**Requirement:** Return the data exactly, without pictures.

**Given information:**

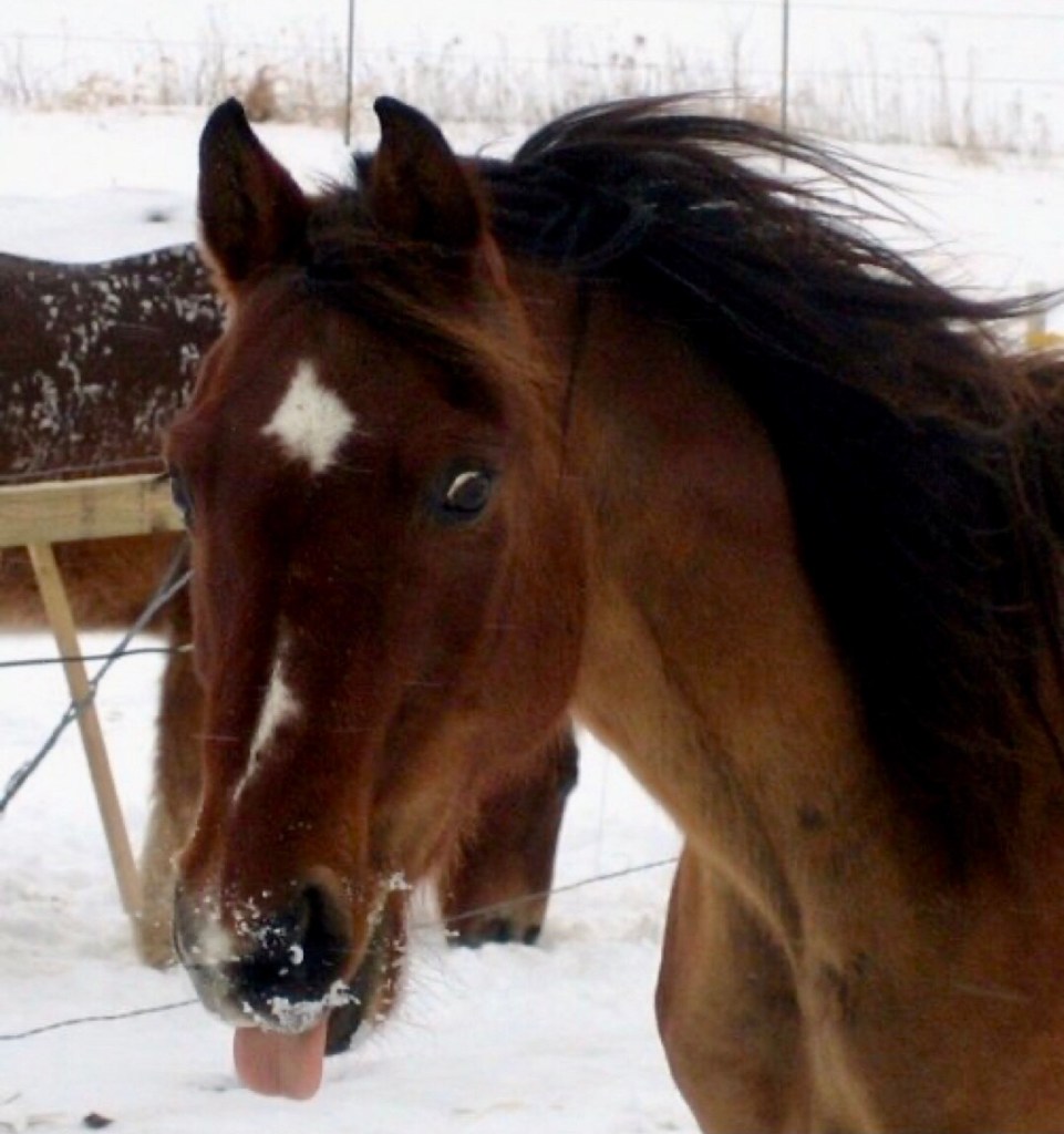 I will never forget meeting Odyssey, he was a golden bay in color, but his fur was patchy and he was totally bald on his chest and only had patches of hair on his neck. He also was missing his two front teeth, and when he nickered to us, he had a bit of a lisp. He was a gentleman on the ground and rock solid under saddle. We bought him to be our “extra” horse, and for John to ride out on the trails.
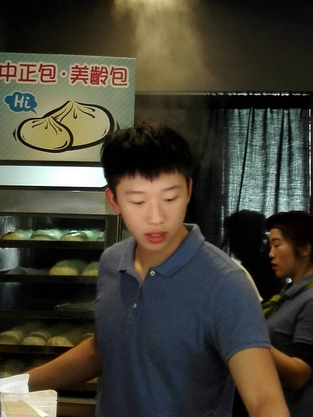 小卖部里面的小帅哥。亮点在他头上的招牌,中正包是肉包,美龄包是素包。。。
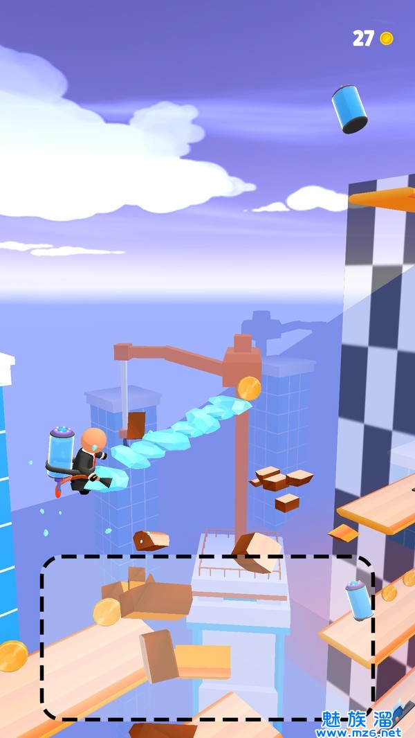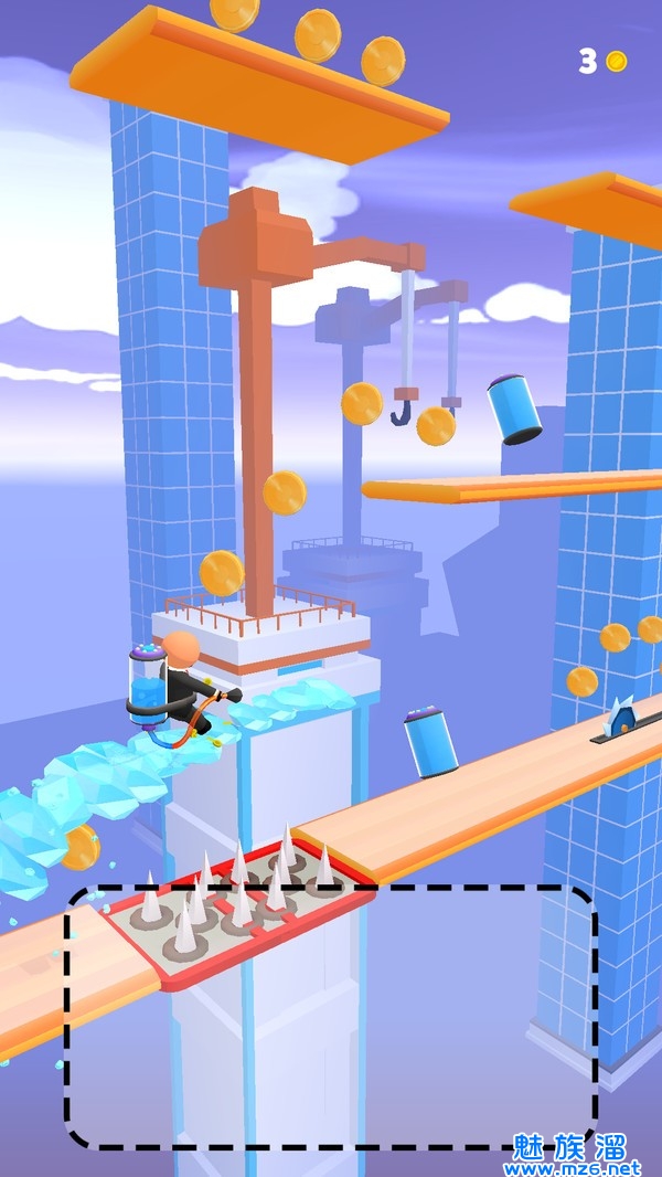 2、收集尽可能多的冰,并在脚下画一条结冰的路,以达到目标! 准备绘制一条结冰的冲浪路线,滑动并继续运行。
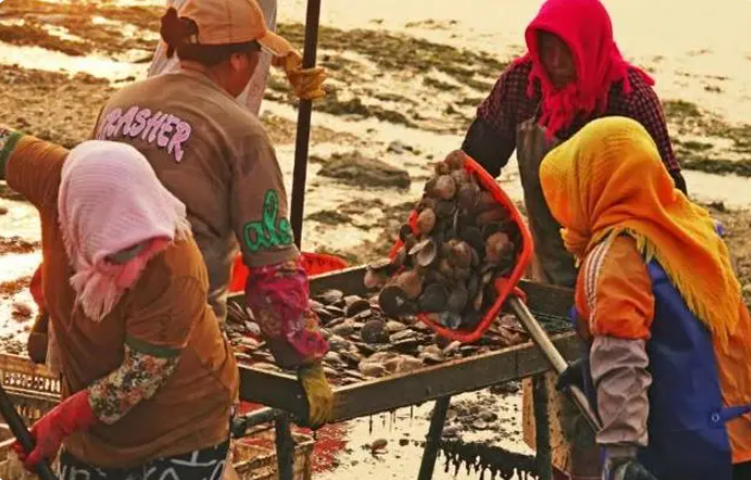 潮水下降的時(shí)候,近海灘涂的水位降低,部分灘涂甚至能夠露出水面,這里是黃蜆子、白蜆子的天然棲息地。

**Answer section:**
 I will never forget meeting Odyssey, he was a golden bay in color, but his fur was patchy and he was totally bald on his chest and only had patches of hair on his neck. He also was missing his two front teeth, and when he nickered to us, he had a bit of a lisp. He was a gentleman on the ground and rock solid under saddle. We bought him to be our “extra” horse, and for John to ride out on the trails.
 小卖部里面的小帅哥。亮点在他头上的招牌,中正包是肉包,美龄包是素包。。。
 2、收集尽可能多的冰,并在脚下画一条结冰的路,以达到目标! 准备绘制一条结冰的冲浪路线,滑动并继续运行。
 潮水下降的時(shí)候,近海灘涂的水位降低,部分灘涂甚至能夠露出水面,這里是黃蜆子、白蜆子的天然棲息地。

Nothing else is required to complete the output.